We had a spigot soldered on the tub with a hose where we could control the flow of the juice to another tub down next to the river where the boiler was located. My Grandpa was the cooker and we used a boiler instead of an evaporator since you could better control the cooking, an evaporator runs the juice through to fast and leaves a lot of uncooked juice which will turn to sugar and not keep like slow cooked syrup will.
Grandpa used the tub where the juice ran to from the tub at the mill to fill the boiler and add juice if needed during the cooking. Grandpa had a homemade skimmer like Chitter is using in the photo above and a wooden scraper to keep the syrup from sticking to the copper bottom of the boiler which we had built with a medium thick sheet of copper.
We used a horse to power the mill, the sweep pole which attached to a metal plate that sat down on top of one of the mill rollers which had teeth on the top which meshed with matching teeth on the other roller. This sweep pole had a smaller pole attached to a hole in the larger end of the sweep at a ninety degree configuration, the horse’s reins was fastened to the smaller end of the smaller pole and the harness attached to a single tree which was attached to the larger end of the sweep.
When Grandpa decided the syrup was done it had a lighter bronze color since with the boiler you could cook all the green out without scorching the syrup.

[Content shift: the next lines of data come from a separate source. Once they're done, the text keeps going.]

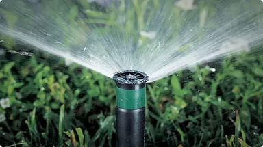 Статические дождеватели с форсунками спреевого типа используются для полива малых площадей. Радиус полива составляет от 0,5 до 6 метров. Работают по принципу распыления воды в виде спрея по заданному сектору. Сопло сконструировано так, что вода одновременно распыляется на всю площадь, заданного сектора полива. Тем самым достигается быстрое выпадение заданного количества осадков, что не возможно при роторном поливе. В наборе сопел имеются не только радиусные сектора полива, но и прямоугольные полосы, что очень облегчает проектирование системы автоматического полива на узких и длинных прямоугольных участках. Недостатком является то, что в ветреную погоду ветер сбивает струю и полив происходит не равномерно.
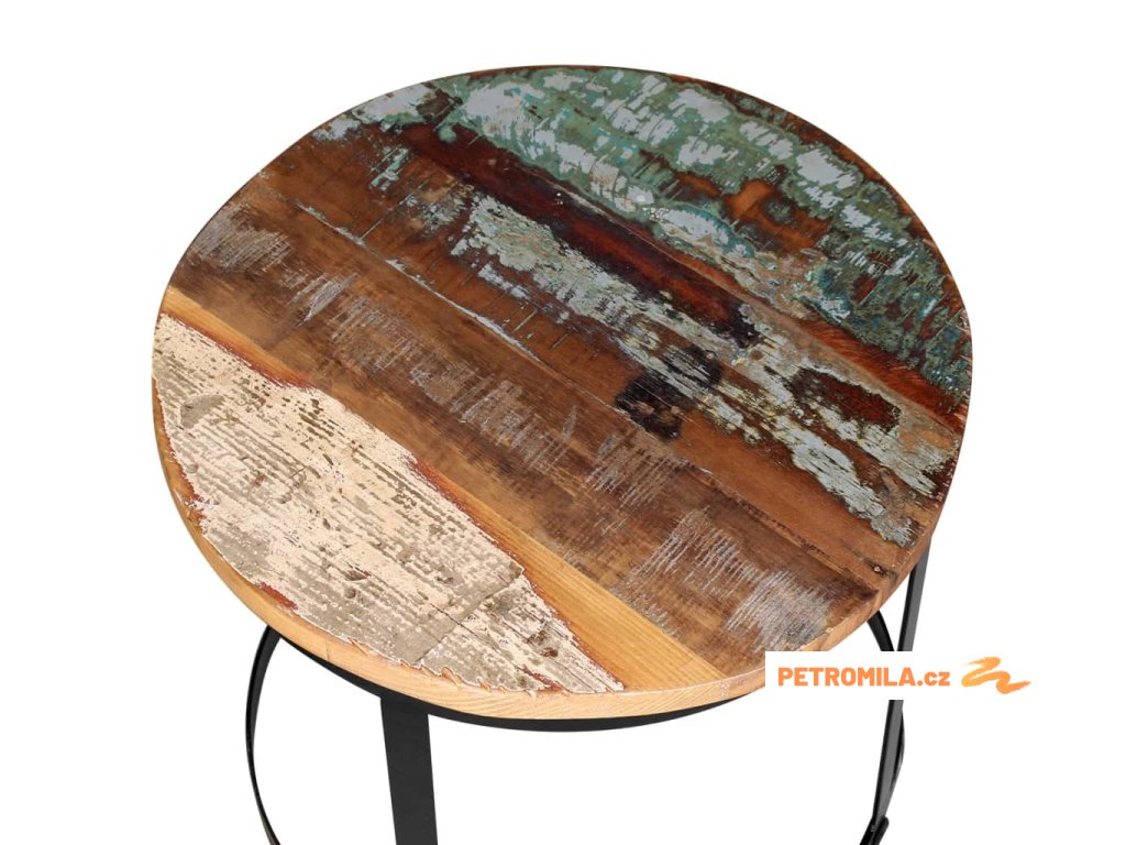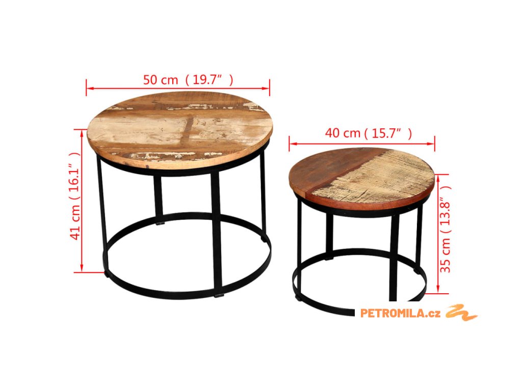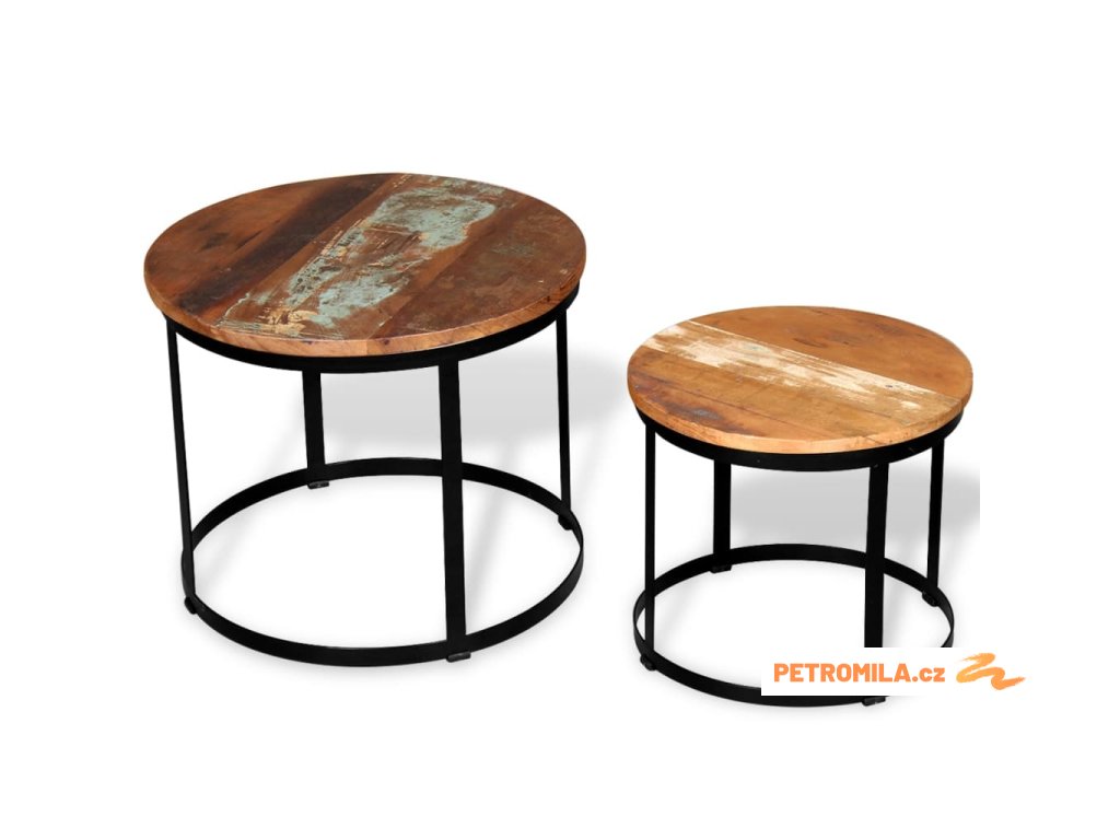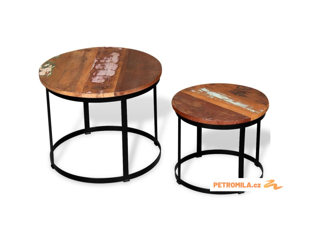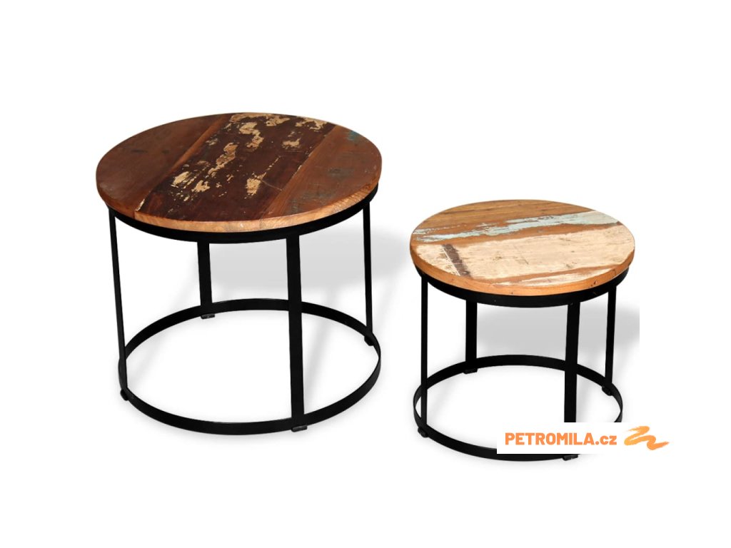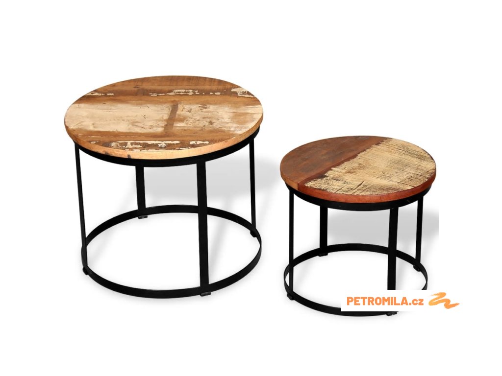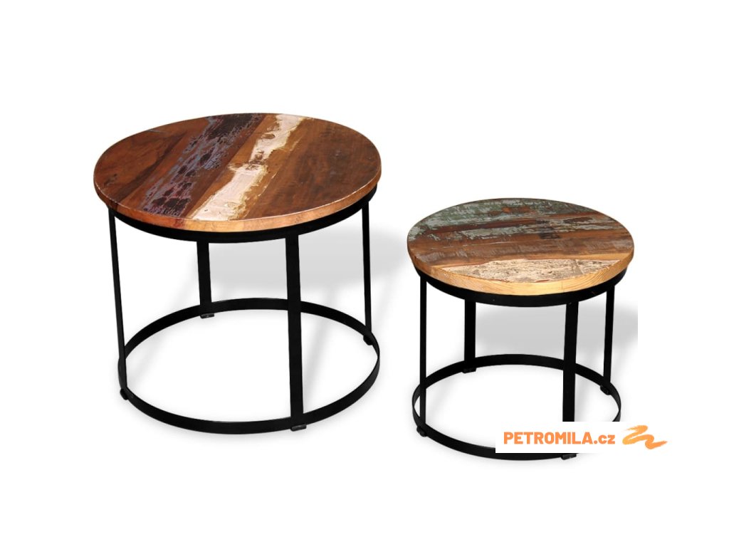 2 konferenční stolky masivní recyklované dřevo kulaté 40cm/50cm
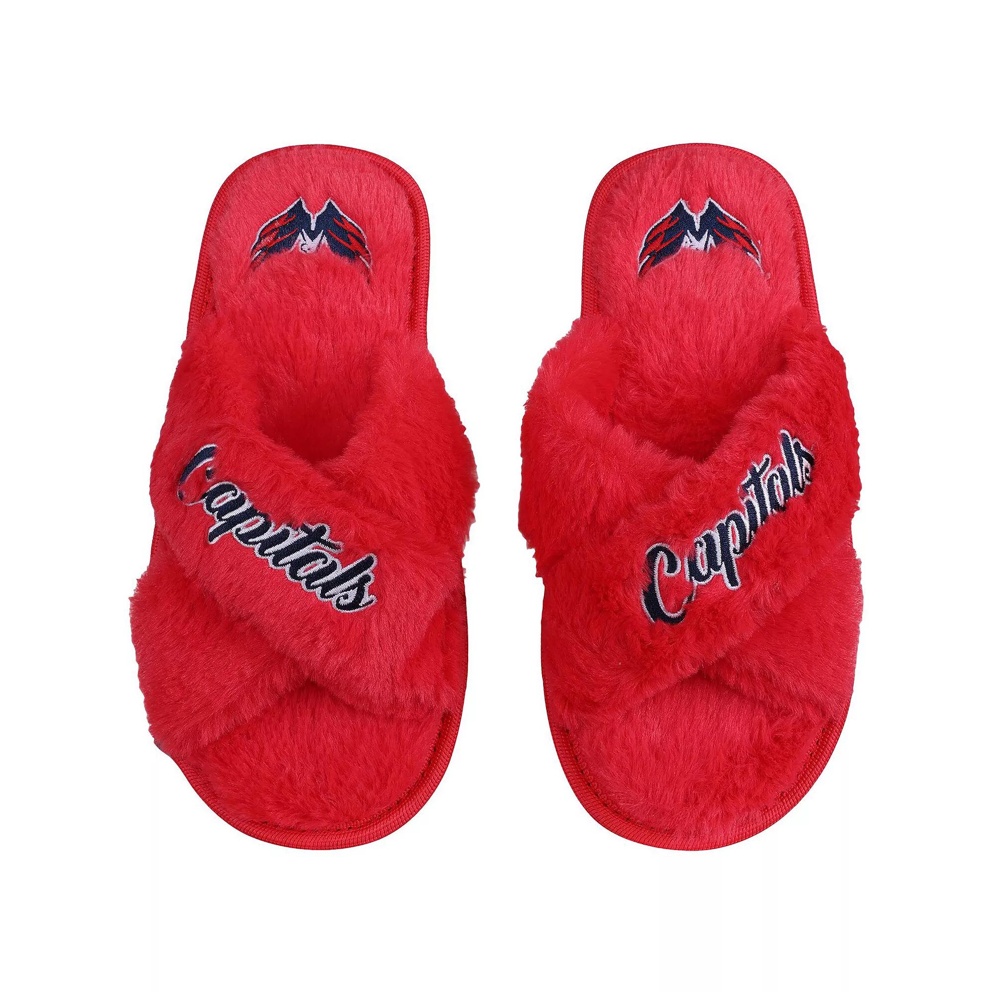 Kick your feet up and relax during the Washington Capitals game with these Script Cross slide slippers from FOCO. Made with soft faux fur with a textured bottom, these slippers are perfect for comfortably enjoying the game from home. Not to mention their embroidered graphics and team colors help you show your continued support of the Washington Capitals. Imported. Officially licensed. Size M fits US women's shoe sizes 78. Brand: FOCO. Material: 100% Polyester Upper; 50% Polyethylene Foam/50% Polyurethane Foam Filling Material; 100% TPR with Fabric - Sole. Embroidered graphics. Textured outsole. Surface washable. Faux fur upper. Slip-on design. Size: XL. Color: Navy. Gender: female. Age Group: adult. Material: OTHER MATERIAL.
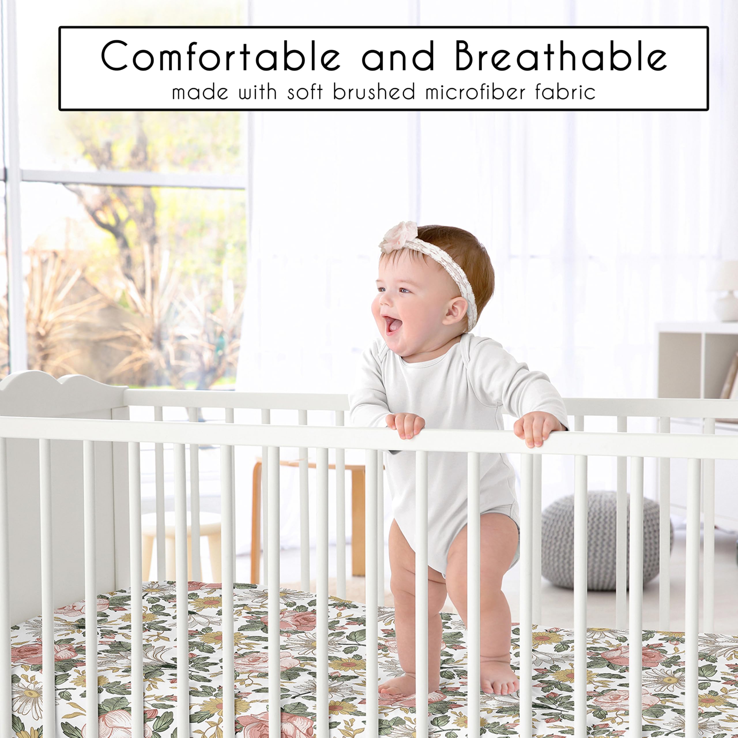 SNUG FIT: Includes: (2) Baby Crib Sheets: 52in. x 28in. x 8in. Our newborn standard crib sheets fit snugly, with premium elastic sewn around the entire bottom edge for a secure fit on most standard sized cribs and toddler beds, to reduce shifting & bunching. This microfiber cribsheets set features an exclusive design of pink yellow sage green & white shabby chic vintage floral, leaf, flower, rose, daisy, garden wildflower print & is gentle on delicate skin to foster a soothing sleep environment.

The next step required four people to lift the boiler and pour the syrup in five gallon cans which we would transfer to what ever size jar or jug a person wished to purchase.
We always kept the skimmings and mixed them with ground corn and fodder to feed the cattle. Though this involved a lot of labor intensive work and drew Yellow Jackets from several counties I enjoyed it since this was the only time I got to miss school and we always wrapped potatoes in the hot coals under the boiler to enjoy when ever you wanted one, during the course of the day this called for several potatoes, I still love potatoes baked in hot coals with freshly churned butter.
These were hard times but good times. I still have our mill but I haven’t made syrup in years, We usually made between three hundred to three hundred and fifty gallons of syrup a year. I talked to a couple from Franklin a couple of months ago who commented that they wished we still made molasses as it was the best they ever had, it made me feel good that all our hard work was appreciated.”